Queries, report builders, etc., should be designed with both of these approaches in mind.

Note that owl:sameAs is a symmetric statement: it asserts that two URIs are the same as each other. If an inferencing engine is used, this symmetry is handled by that engine. If explicit queries are used, query writers or builders MUST query for the owl:sameAs assertion in either direction - a property path of the form owl:sameAs|^owl:sameAs is a suitable way to express this.

Examples

Example setup - variable URIs for property values

The adminstrator of project 1 uses Priority=High, Medium, and Low. The administrator of project 2 uses Urgency=P1, P2, P3, and P4. Nonetheless, the administrators want to enable cross-project reporting. The tool MUST therefore allow the administrators to specify the external URIs with company standard values:

Project	System URI	Label	External URI
1	<server1UriForPriority>	Priority	`http://acme.example.com/ns/alm#priority`
1	<server1UriForHigh>	High	`http://acme.example.com/ns/alm#P1`
1	<server1UriForMedium>	Medium	`http://acme.example.com/ns/alm#P2`
1	<server1UriForLow>	Low	`http://acme.example.com/ns/alm#P3`
2	<server2UriForUrgency>	Urgency	`http://acme.example.com/ns/alm#priority`
2	<server2UriForP1>	P1	`http://acme.example.com/ns/alm#P1`
2	<server2UriForP2>	P2	`http://acme.example.com/ns/alm#P2`
2	<server2UriForP3>	P3	`http://acme.example.com/ns/alm#P3`
2	<server2UriForP4>	P4	`http://acme.example.com/ns/alm#P4`

The tools MUST generate vocabularies where owl:sameAs is used to relate the system and external URIs, as shown in the partial term definitions below:

<server1UriForPriority>
   rdfs:label "Priority" ;
   rdfs:comment "The priority of a task" ;
   owl:sameAs <http://acme.example.com/ns/alm#priority> .

<server1UriForHigh>
   rdfs:label "High" ;
   rdfs:comment "High priority task" ;
   owl:sameAs <http://acme.example.com/ns/alm#P1> .

...

and

<server2UriForUrgency>
   rdfs:label "Urgency" ;
   rdfs:comment "The urgency of a task" ;
   owl:sameAs <http://acme.example.com/ns/alm#priority> .

<server2UriForP1>
   rdfs:label "P1" ;
   rdfs:comment "Do these things first" ;
   owl:sameAs <http://acme.example.com/ns/alm#P1> .

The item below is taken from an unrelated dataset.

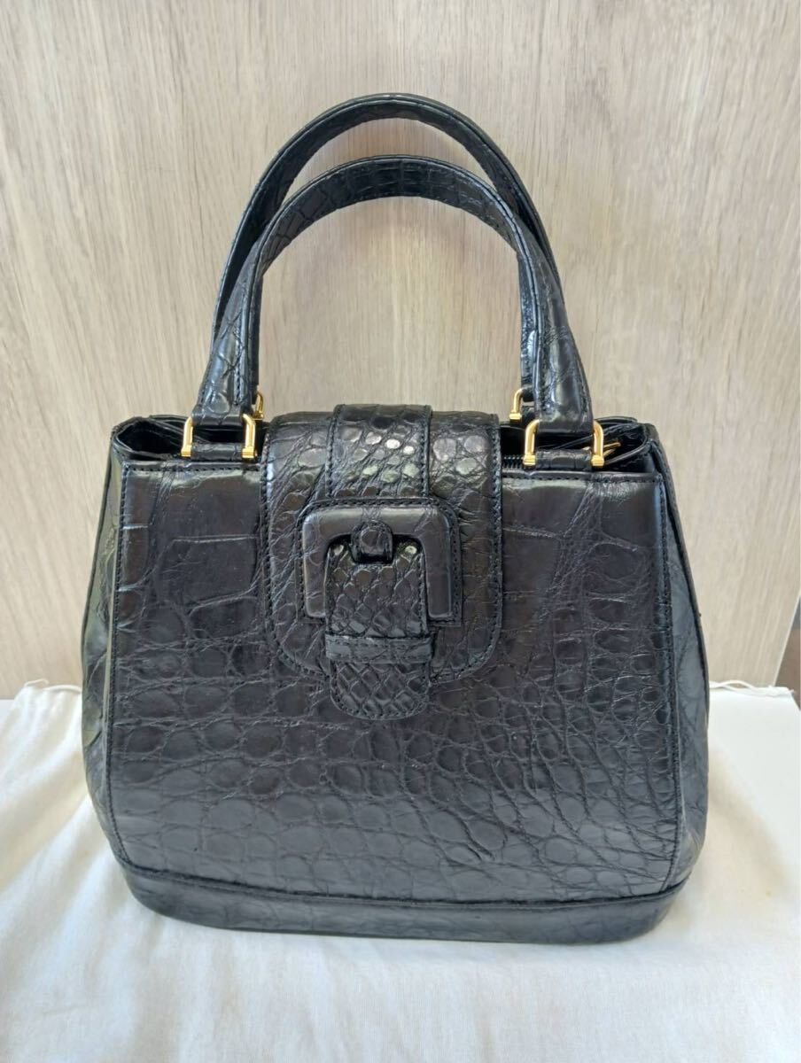 - 【中古品】KRISTAR CROCO クロコ 2WAY ハンドバッグ ショルダーバッグ 黒ブラック 肩掛け 手提げ バッグかばん 保存袋付き 現状品

Example representations 1 - enumeration value URIs are variable

Tool developers have considered it is likely that the user might change their mind over the representation of priority values, but not the URI for the priority property itself. This case would also apply if the property URI itself was a standard OSLC or jazz.net URI, and just the enumeration values were user-defined.

Artifacts in project 1 would have these (partial) representations:

<cr1> a oslc_cm:ChangeRequest ;
   <http://acme.example.com/ns/alm#priority> <server1UriForHigh> .

<cr2> a oslc_cm:ChangeRequest ;
   <http://acme.example.com/ns/alm#priority> <server1UriForLow> .

Artifacts in project 2 would have these (partial) representations:

<cr8> a oslc_cm:ChangeRequest ;
   <http://acme.example.com/ns/alm#priority> <server2UriForP2> .

<cr9> a oslc_cm:ChangeRequest ;
   <http://acme.example.com/ns/alm#priority> <server2UriForP1> .

Where inferencing is not available, an explicit SPARQL query for all high priority items across both projects is:

   SELECT ?item 
   WHERE {
      ?item <http://acme.example.com/ns/alm#priority> ?enum .
      ?enum owl:sameAs|^owl:sameAs <http://acme.example.com/ns/alm#P1> .
   }

If inferencing were available, the following query would be sufficient:

   SELECT ?item 
   WHERE {
      ?item <http://acme.example.com/ns/alm#priority> <http://acme.example.com/ns/alm#P1> .
   }

Example representations 2 - property predicate URI and enumeration value URIs are variable

Tool developers have considered it is likely that the user might change their mind over the external URI for both the priority values and the priority property itself.